This conclusion is supported by the analysis of the corresponding RDC values. As described in the advised literature,10 the obtained RDC values are an abstract measure of the bulk-averaged anisotropy of motion of the backbone segments under the assumption of fast orientational averaging of the segmental motion (TTG). Therefore, one can assume that in a network with an increasing and equally distributed number of defects, the RDC values must decrease, as these increase the effective mesh size of the network. With the introduction of the 8-arm stars, as it can be seen in Fig. 7(B), a weak but significant drop of the RDC value of the a1 component (the single links) from 47 Hz (Φ8-arm = 0) to 30 Hz (Φ8-arm = 0.25) can be seen, even though in an ideal network the coupling must slightly increase given the fact that the RDCs are scaling with the phantom factor (f − 2)/f,40 where f is the star functionality, and we now introduced a component with f = 8. We attribute this effect to the increase in the defects from 1% to 13%, having, as mentioned above, a strong influence on the overall network elasticity.41 An interesting behaviour can be found by looking now at the rest of the sample series with even more 8-arm star content. With increasing Φ8-arm we now assume even further decreasing RDCs for the single links, while defects increase strongly up to 51%. One would expect a vanishing RDC close to 0, as the network is now theoretically transitioning into a liquid (assuming a liquid-gel transition at 50% successful connections between the precursors).

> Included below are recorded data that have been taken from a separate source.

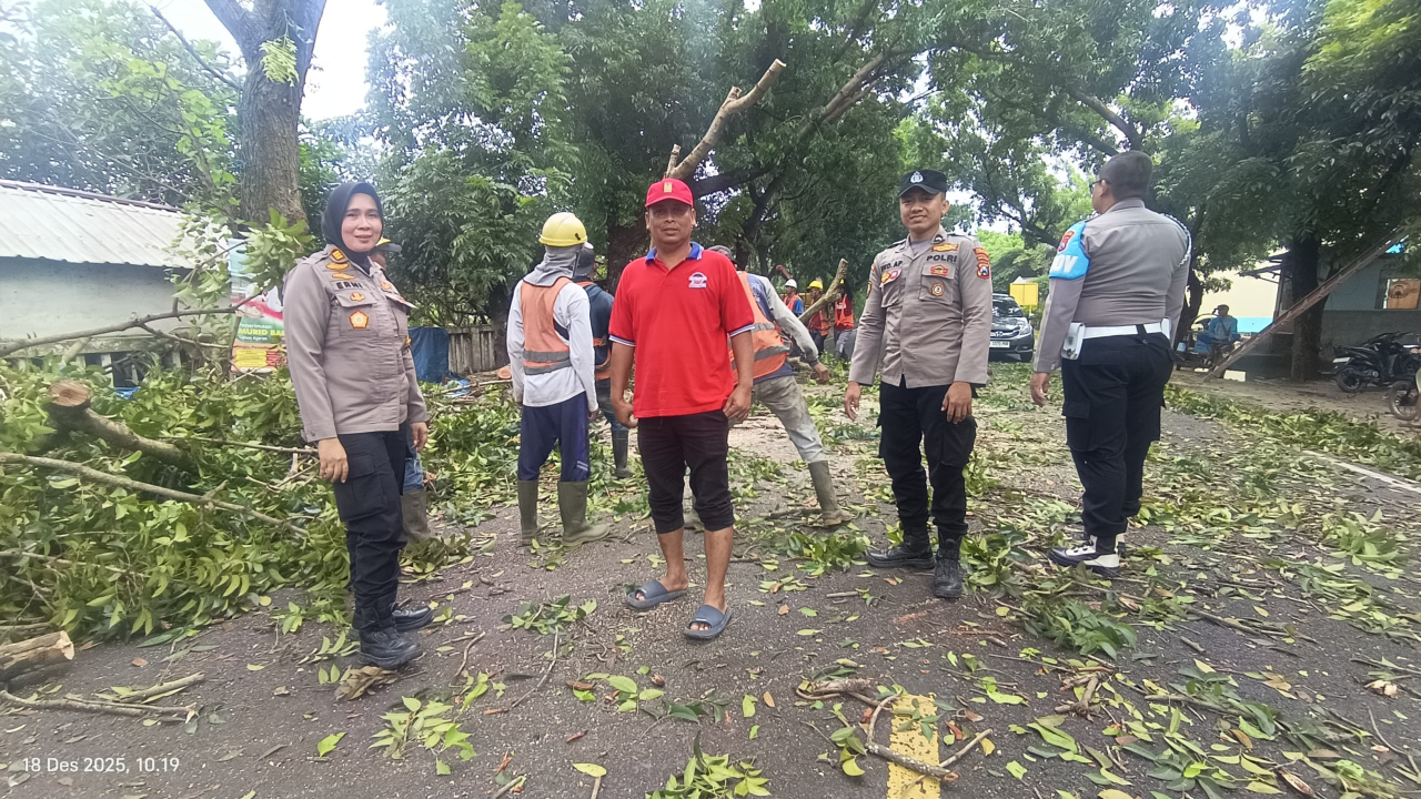 Seperti diberitakan sebelumnya, pohon besar yang berpotensi tumbang di tengah kondisi cuaca ekstrem saat ini, masih mengancam keselamatan warga dan pengendara kendaraan bermotor di Jalan Raya Deandles, Kecamatan Paciran, Lamongan.
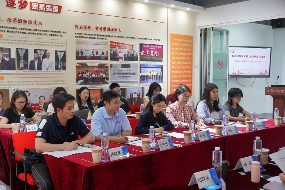 2025年5月14日,36365官网与上海对外经贸大学法学院开展“标杆引领强根基 融合赋能促发展”全国研究生样板党支部创建工作交流会。36365官网党委书记林惠英、上海对外经贸大学党委组织部副部长张燕、法学院党委书记乔檀、副书记商志民、36365官网专职党务干部宣蕊、专职辅导员于小越以及两校支部书记代表、学生党员代表等出席参加了本次活动。交流会在上海对外经贸大学松江校区党建服务中心举行,乔檀主持会议。
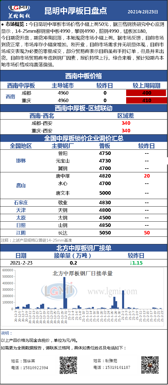 - 2月23日昆明中厚板市场价格小幅上调 成交平平2021/2/23
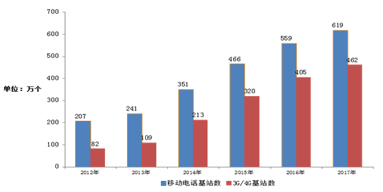 图4-1 2012-2017年移动电话基站发展情况

Instead, the RDC value is not changing within the error bars, thus we necessarily must assume that not all defects are equally distributed between the network chains. Given the strong influence of loops on the RDCs, we assume that a majority of the introduced 8-arm stars are creating intra-molecular associations, therefore not or only barely contributing to the network. Thus, with increasing content of 8-arm stars, mostly a dilution effect is observed, which is also reflected in the rheology measurements, especially in the decreasing plateau modulus and increasing network mesh size. A comparison of RDC values and plateau moduli can be made by calculating the averaged RDC of the sample (weighted by the respective fraction) without further normalisation by the respective defect fraction (because the modulus also accounts for the dilution effect of the defects), as it is proportional to the molar concentration of elastic chains. The comparison can be found in Fig. 8 and both curves show qualitatively the same behaviour, although the data did not overlap within the resulting error bars for the averaged RDC (under the assumption of Gaussian error propagation for ai and Dres,i). The quantitative mismatch can mainly be attributed to the complexity of the investigated system.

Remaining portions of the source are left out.